• Given data:
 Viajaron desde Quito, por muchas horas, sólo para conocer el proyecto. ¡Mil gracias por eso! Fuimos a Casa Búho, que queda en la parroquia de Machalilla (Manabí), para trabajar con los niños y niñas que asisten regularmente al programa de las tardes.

* * *

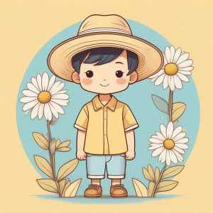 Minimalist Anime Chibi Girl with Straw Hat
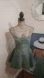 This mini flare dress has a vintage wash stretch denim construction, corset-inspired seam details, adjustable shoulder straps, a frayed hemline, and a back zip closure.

• Exercise:
For this exercise, return exactly the lines above from the line with "Minimalist Anime Chibi Girl with Straw Hat" through the line with "This mini flare", both included. Do not copy the pictures.

• Task output:
 Minimalist Anime Chibi Girl with Straw Hat
 This mini flare dress has a vintage wash stretch denim construction, corset-inspired seam details, adjustable shoulder straps, a frayed hemline, and a back zip closure.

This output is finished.